Custodia e Régimen de Visitas

Mudanza de la residencia del niño al extranjero

Un progenitor puede decidir abandonar Portugal y trasladarse permanentemente al extranjero.

Puede suceder que ambos progenitores estén de acuerdo sobre la medida, a saber, porque reconocen que puede ser lo mejor para sus hijos, y en esos casos nada obstaculizará el traslado a otro país. Pero habrá casos en los que uno de los progenitores no consienta la mudanza del niño a un país extranjero. ¿Qué hacer en esos casos?

Responsabilidad parental y la decisión de mudarse al extranjero

La responsabilidad parental en Portugal suele ser ejercida por ambos padres. Esto significa que las cuestiones importantes relativas a la vida de los niños se deciden por acuerdo de ambos progenitores. Estos incluyen, por supuesto, la decisión con respecto al lugar de residencia del niño, especialmente cuando se toma la decisión de mudarse al extranjero.

En principio, estas decisiones deben adoptarse con el consentimiento de ambos progenitores. En caso de desacuerdo, corresponderá al tribunal decidir, si uno de los progenitores solicita tal orden.

Cuando uno de los progenitores tiene la intención de emigrar a un país extranjero, y llevar al niño con él, ambos progenitores necesitan ponerse de acuerdo sobre el movimiento del niño. Si hay un desacuerdo, el progenitor que tiene la intención de migrar tiene que plantear el asunto con el Tribunal, que concederá (o no) la orden de mudanza.

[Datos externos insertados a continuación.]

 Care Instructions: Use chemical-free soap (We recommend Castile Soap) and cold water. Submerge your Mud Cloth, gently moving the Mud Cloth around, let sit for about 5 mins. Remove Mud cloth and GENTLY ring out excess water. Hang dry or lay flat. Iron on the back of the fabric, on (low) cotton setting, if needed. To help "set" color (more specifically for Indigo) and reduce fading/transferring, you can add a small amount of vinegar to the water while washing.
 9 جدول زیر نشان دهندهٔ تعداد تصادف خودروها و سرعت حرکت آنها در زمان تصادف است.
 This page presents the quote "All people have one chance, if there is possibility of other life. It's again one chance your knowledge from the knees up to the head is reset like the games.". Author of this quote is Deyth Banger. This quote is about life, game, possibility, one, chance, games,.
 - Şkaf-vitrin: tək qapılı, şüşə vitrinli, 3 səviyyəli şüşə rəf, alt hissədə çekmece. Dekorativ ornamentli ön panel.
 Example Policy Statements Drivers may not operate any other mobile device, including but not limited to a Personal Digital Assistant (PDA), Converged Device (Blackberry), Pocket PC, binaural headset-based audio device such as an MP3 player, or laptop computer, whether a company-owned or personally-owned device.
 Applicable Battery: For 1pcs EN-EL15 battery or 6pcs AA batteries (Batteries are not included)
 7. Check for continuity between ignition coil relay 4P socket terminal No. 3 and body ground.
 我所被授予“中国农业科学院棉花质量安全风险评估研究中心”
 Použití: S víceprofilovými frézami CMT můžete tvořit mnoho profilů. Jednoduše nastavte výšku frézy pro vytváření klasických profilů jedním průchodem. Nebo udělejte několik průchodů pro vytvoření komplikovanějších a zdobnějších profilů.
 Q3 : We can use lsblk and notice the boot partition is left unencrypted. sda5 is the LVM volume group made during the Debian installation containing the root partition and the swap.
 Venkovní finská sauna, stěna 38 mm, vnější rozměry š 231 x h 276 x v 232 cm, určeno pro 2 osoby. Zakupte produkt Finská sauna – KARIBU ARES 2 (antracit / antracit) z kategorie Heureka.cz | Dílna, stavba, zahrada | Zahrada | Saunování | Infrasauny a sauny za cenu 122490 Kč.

¿Cuáles son los criterios que guiarán la decisión judicial con respecto a una orden solicitada por uno de los progenitores con el propósito de mudarse con un niño a un país extranjero?

Criterios utilizados en la decisión del Tribunal sobre la mudanza de la residencia del niño al extranjero

Si uno de los padres apela ante lo Tribunal con el fin de obtener una orden que le permita cambiar el lugar de residencia de los niños a un país extranjero, el juez decidirá a la luz de lo que se considera el interés superior del niño, criterios en las decisiones que afectan a los niños o jóvenes.

La decisión debe, por supuesto, tener en cuenta las razones que justifican el proyecto para trasladarse al extranjero, y las posibles consecuencias, positivas y negativas, en la dinámica familiar, especialmente en la relación del niño con el progenitor que no se trasladará. También será necesario considerar los posibles impactos del distanciamiento del niño de su familia restante, escuela, amigos, etc.

Si el Tribunal de Justicia decide conceder la orden de traslado al extranjero, debe garantizar, por supuesto, que el progenitor que permanece en Portugal (y el resto de la familia) mantenga contacto con el niño. Si los contactos personales necesariamente serán más ampliamente espaciados, no hay nada que impida contactos regulares o incluso diarios mediante videoconferencia utilizando nuevas tecnologías (Skype, WhatsApp, etc.).

La orden debe tener en cuenta los períodos de vacaciones en Portugal y establecer la responsabilidad de pagar los viajes del niño hacia y desde Portugal de vacaciones.

Secuestro de niños

En caso de desacuerdo de los padres sobre una mudanza al extranjero, o incluso cuando el Tribunal no concede la orden, el progenitor en cuestión puede verse tentado a llevar al niño al extranjero sin el consentimiento del otro padre y / o una orden del Tribunal.

Al hacerlo, el progenitor puede incurrir en el delito de resta de menores castigado por el art. 249.º del Código Penal, que corresponde a una pena de prisión de hasta dos años de prisión o una multa de hasta 240 días.

Cabe señalar también que Portugal es parte signataria de la Convención sobre los Aspectos Civiles del Secuestro Internacional de Niños (La Haya 25.10.1980), que garantiza procedimientos rápidos para la repatriación de niños llevados ilegalmente al extranjero.